# Task objective
The task calls for an exact copy of the records, without any images.

[Data items]

++++

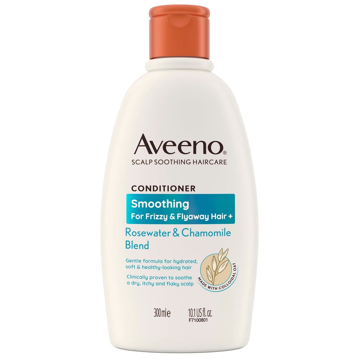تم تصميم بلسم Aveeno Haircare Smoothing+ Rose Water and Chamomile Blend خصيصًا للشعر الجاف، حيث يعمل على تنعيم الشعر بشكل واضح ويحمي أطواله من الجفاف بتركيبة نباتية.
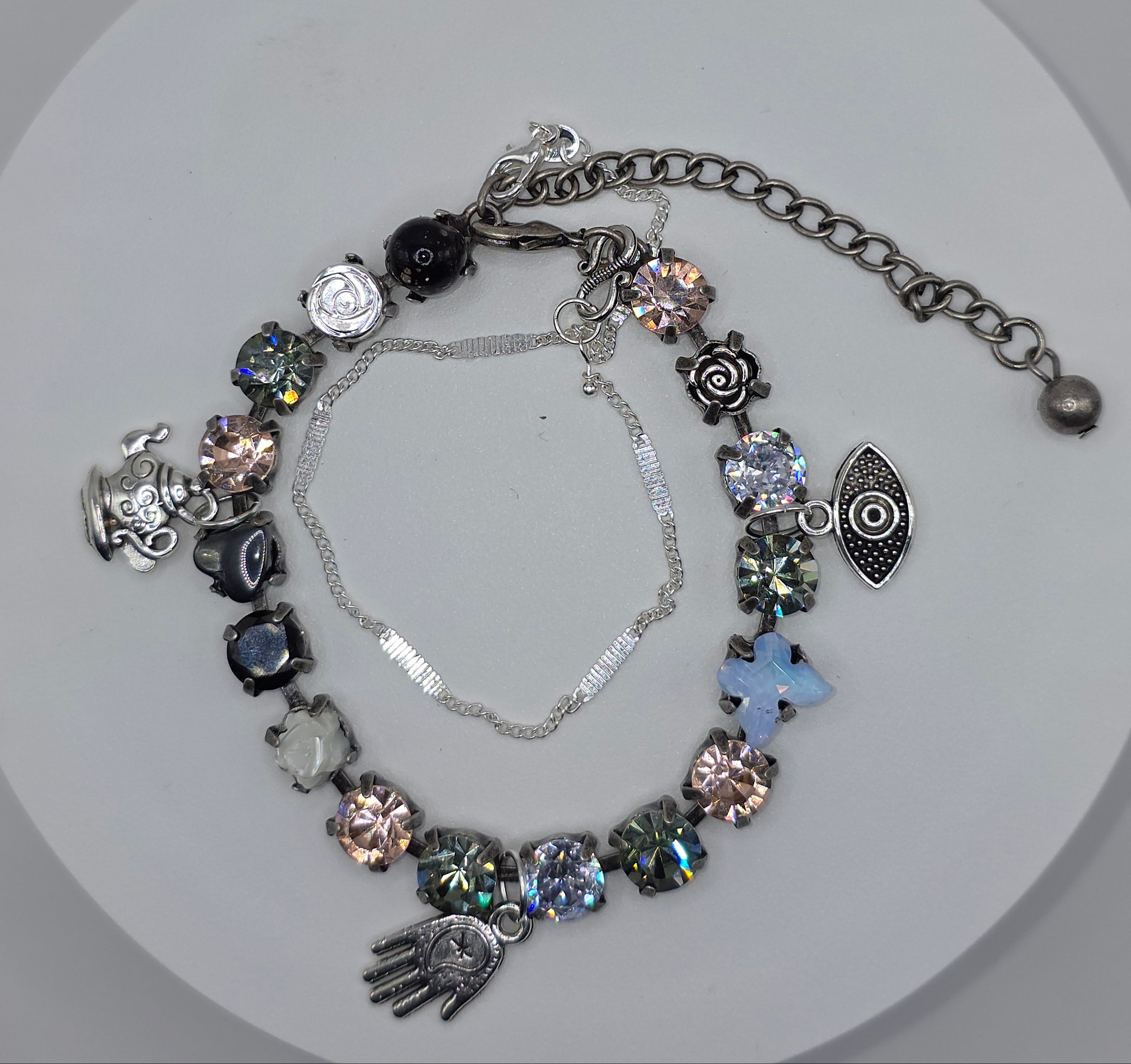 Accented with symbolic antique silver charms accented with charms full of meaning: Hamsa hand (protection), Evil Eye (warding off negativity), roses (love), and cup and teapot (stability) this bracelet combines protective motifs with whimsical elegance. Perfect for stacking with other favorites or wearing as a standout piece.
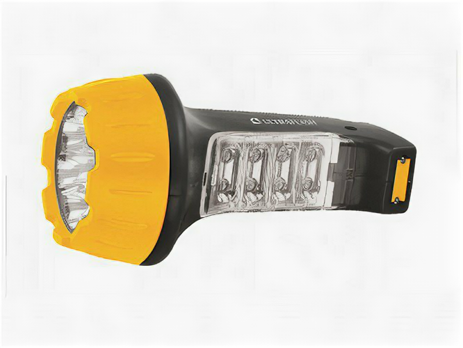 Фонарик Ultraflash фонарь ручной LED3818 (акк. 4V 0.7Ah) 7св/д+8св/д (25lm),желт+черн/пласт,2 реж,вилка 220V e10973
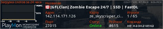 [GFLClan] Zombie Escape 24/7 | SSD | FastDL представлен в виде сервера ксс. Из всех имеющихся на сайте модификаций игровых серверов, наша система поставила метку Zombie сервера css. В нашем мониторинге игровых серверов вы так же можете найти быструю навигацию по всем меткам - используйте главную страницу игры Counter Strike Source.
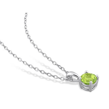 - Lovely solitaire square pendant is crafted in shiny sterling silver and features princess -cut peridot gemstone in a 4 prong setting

++++

# Expected answer
تم تصميم بلسم Aveeno Haircare Smoothing+ Rose Water and Chamomile Blend خصيصًا للشعر الجاف، حيث يعمل على تنعيم الشعر بشكل واضح ويحمي أطواله من الجفاف بتركيبة نباتية.
 Accented with symbolic antique silver charms accented with charms full of meaning: Hamsa hand (protection), Evil Eye (warding off negativity), roses (love), and cup and teapot (stability) this bracelet combines protective motifs with whimsical elegance. Perfect for stacking with other favorites or wearing as a standout piece.
 Фонарик Ultraflash фонарь ручной LED3818 (акк. 4V 0.7Ah) 7св/д+8св/д (25lm),желт+черн/пласт,2 реж,вилка 220V e10973
 [GFLClan] Zombie Escape 24/7 | SSD | FastDL представлен в виде сервера ксс. Из всех имеющихся на сайте модификаций игровых серверов, наша система поставила метку Zombie сервера css. В нашем мониторинге игровых серверов вы так же можете найти быструю навигацию по всем меткам - используйте главную страницу игры Counter Strike Source.
 - Lovely solitaire square pendant is crafted in shiny sterling silver and features princess -cut peridot gemstone in a 4 prong setting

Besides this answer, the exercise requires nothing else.